I didn't see any bottles,
just glasses filled with white wine. I guzzled the first one to wash
the imaginary taste of roach guts out of my mouth. There was a
tingling behind my teeth and the front of my tongue (roachy?), and my
experienced art palate told me that this fine bubbling sensation
smacks of a fine Gewurztraminer. Or heavy sulfites. I can't possibly
be sure, as my wine snobbery is limited to guzzling free wine at
various art gallery openings around the world, from ghetto boxed wine
to high end vintages way too fancy for my rock and roll lifestyle.
This particular number turned out to be a very nice Riesling. I knew
it had to be something German.
These people were taking
the whole bug thing too far. It made me almost retch up my lunch
nachos. The wife had no problem eating the bugs. I'd already seen
her eat bugs at a fair in the mountains when we were in the States a
few years back. But I've always assumed that mountain folk ate bugs.

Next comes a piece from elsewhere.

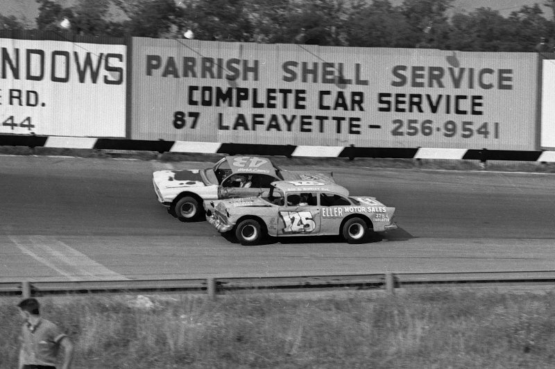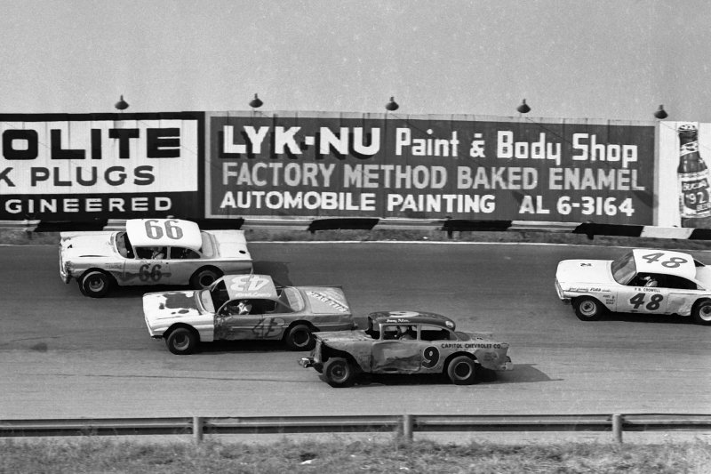with Herb Lewis leading the first 9 laps. Lewis was sidelined when the coil wire came off, and Coo Coo Marlin took the lead. Walter Wallace already had track time in his Ford after running at Birnimgham before the Nashville

And tourists. But still. How in the holy hell do you eat a bug?
Gettin' Buggy With It (photo by Gabriela Sarževská) |
Half empty plates of bug
carcasses lay pell-mell around the exhibition hall. Half torsos and
thoraxes oozing goo, legs awash in soy sauce and red peppers. Gag me
with a spoonful of bugs. I swaggered through the crowd, trying not to
think about the bugs. I found cold comfort in a Berlin photography
book in the bibliothek. Thank fuck for squats and riots in the 90s.
The Alienation Tent
I finally got buggy up in that beeyawtch.
I donned slippers with plastic doodads digging into my feet, then the
gloves and the magic helmet of doom. It was incredible. I've done
the VR thing before, but this one takes the roach cake. My
outstretched hands were now segmented, insectoid arms feebly fumbling
for door handles. I had to find a key and unlock the virtual door.
An incredible view of Old
Town Prague out of the virtual window, a small room with desks,
drawers, and the mirror. The mirror! Spoiler alert! Look in the
mirror! It was taking the video game world to a frightening level.
I'm probably way behind the curve on this one, and there are probably
already many modern video game dens full of pimply-faced
geek-children with virtual realities strapped onto their
socially-awkward actual realities.
After minutes of searching
amid knocks at the door and calls for Gregor the Bug Man, I finally
found the key, placed it in the keyhole, and turned the doorknob.
What would be on the other side? Would the landlady whack me with a
virtual broom and chuck an apple into my soft, white underbelly?
Find out for yourself in
this ongoing exhibition, which runs now through March 31. Last night
was the opening of the show, so you probably won't get to drink any
free wine or eat any bugs. Unless that gawdawful hippie has nowhere
better to go and nothing better to cook.